A flexibilização das leis trabalhistas, exploração da forma de trabalho e diminuição dos investimentos na infraestrutura são resultados da superexploração das mineradoras. Elas destroem as comunidades indígenas e quilombolas causando a degradação e morte dos rios, como no caso do rompimento da Barragem de Fundão em Mariana, Minas Gerais.

Na perspectiva econômica os prejuízos para a sociedade brasileira não são menores, pois com a aprovação da Lei Kandir (Lei Complementar nº 83, de 1996) todo produto primário de exportação fica isento de tributação.

Esta lei representa um dos maiores prejuízos de arrecadação de estados e municípios. Minas Gerais, o maior estado minerado do Brasil, deixou de arrecadar R$ 135 bilhões, aproximadamente, com o impacto da Lei Kandir na exploração do minério. Este valor faz parte dos lucros das multinacionais que além de se apropriar dos bens naturais, acumulam lucros exorbitantes com isenções fiscais.

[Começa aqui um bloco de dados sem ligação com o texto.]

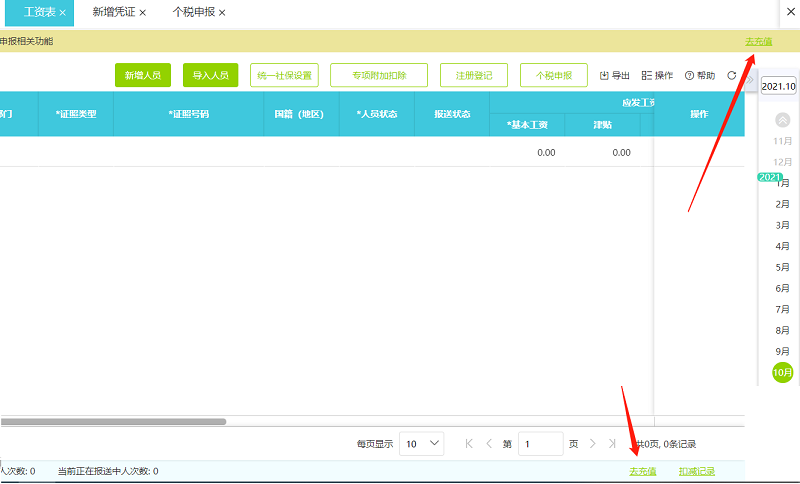 打开工资-工资表,点击充值可以查看收费详情。按人次收费,0.5元/人。

Por fim, o impacto ao meio ambiente, além da destruição da fauna e flora, da morte dos rios, do envenenamento das águas e do alto consumo de água para beneficiamento e escoamento do minério através de minerodutos, representa um grande saldo negativo para o povo brasileiro. A Anglo American em Conceição do Mato Dentro (MG) consome 5.023.000 litros de água por hora para escoamento do minério.

Soma-se a isso a expulsão dos camponeses de suas terras, que se tornam inapropriadas para a sua sobrevivência. Após a “tragédia” de Mariana, por exemplo, os camponeses vivem assustados pelo medo do rompimento das barragens de rejeito.


Em defesa da soberania


É preciso envolver toda a população no debate sobre as consequências da superexploração mineral, realizada pelas multinacionais. As empresas apresentam a mineração como progresso, gerando uma grande contradição, vez que a própria população (explorada) vê a mineração como positiva, sem reconhecer os prejuízos que ela gera às comunidades e municípios. Cria-se a “minero-dependência”, quando os municípios minerados têm sua economia totalmente dependente da mineração, fazendo com que a própria população defenda a presença das empresas exploradoras em que pese todos os prejuízos causados.

Se, por um lado, faz-se necessário reconhecer que a extração mineral é necessária ao desenvolvimento de diversos produtos indispensáveis à população, por outro, é muito importante o debate sobre a soberania, no que se refere à extração do minério. O que se tem assistido é a entrega total das nossas riquezas minerais nas mãos de multinacionais que visam apenas o lucro. É necessário reafirmar a soberania popular como forma de organização da classe trabalhadora para defender seu maior patrimônio natural, sem com isso, explorar os trabalhadores e destruir o meio ambiente.